Accelerated Vector Graphics
The new NeoChromVG accelerator is capable of accelerating vector graphics. This open the possibilities of a new class of applications, where vector based graphics plays a central role and not bitmaps.
One example is a map-application. Maps can be built from bitmaps, but that often requires a very large storage or that specific map sections are downloaded in advance.
The video below shows a demonstration application running on a STM32U5F9. The application zooms, rotates, and pans a map that is drawn from a vector definition (multiple polygons that are filled with different colors and stroked). The video is running full screen on a 800 x 480 display with 16bpp colors.

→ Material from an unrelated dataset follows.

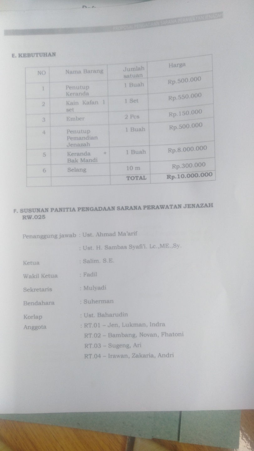 DONASI PENGADAAN KERANDA RW 025
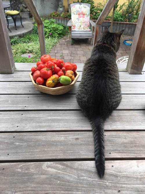 Sept. 7, 2019—Zoe on the porch with the tomatoes:

STM32U5F9 showing a moving map.
Coordinate limitations
Vector graphics with coordinates above 1024 are by default discarded on NeoChrom and NeoChrom. See here for a work-around. Note, this happens both when an SVG image is scaled up or if the SVG contains large coordinates in itself.
Creating a project
CubeMX and the TouchGFX Generator supports the NeoChrom. In CubeMX the
accelerator is known by its code name GPU2D. The GPU2D accelerator is
only available to TouchGFX if GPU2D is enabled in the TouchGFX
configuration in CubeMX.
If you use the STM32U599 TBS (template project) provided with the
TouchGFX Designer this is already done. If you make your own custom
project, make sure to enable the GPU2D Accelerator as shown below:
After enabling GPU2D press "Generate Code" in CubeMX. This regenerates the target configuration code. Now open the project in the TouchGFX Designer and generate code there also (F4).
The Designer generates assets (images, fonts, and texts) and simulator code, that matches the target configuration. You are now ready to compile the code with IAR.
If you are starting a project from the Designer there is no need to open CubeMX unless you need to change some hardware settings.
Supported IDEs
The STM32U599 TBS (version 3.0.0) is currently only supported with IAR Workbench.
A recent version of IAR is required (8.5x.x). Make sure that the processor variant (STM32U599NJ for the Discovery board) is supported by checking the General Options:
Framebuffer Formats
The STM32U599 discovery board supports three framebuffer formats: RGB565, RGB888, ARGB8888. These are configurable from CubeMX.
NeoChrom Limitations
The NeoChrom graphics accelerator in STM32U599 does not support the L8
image formats (L8_RGB565, L8_RGB888, L8_ARGB8888).
If you use these image formats in a TouchGFX application running on
STM32U599 the images will be drawn using DMA2D. If you use these
formats with ScalableImage or TextureMapper a software fallback will
be used.
It is therefore recommended to not use L8 images with STM32U599.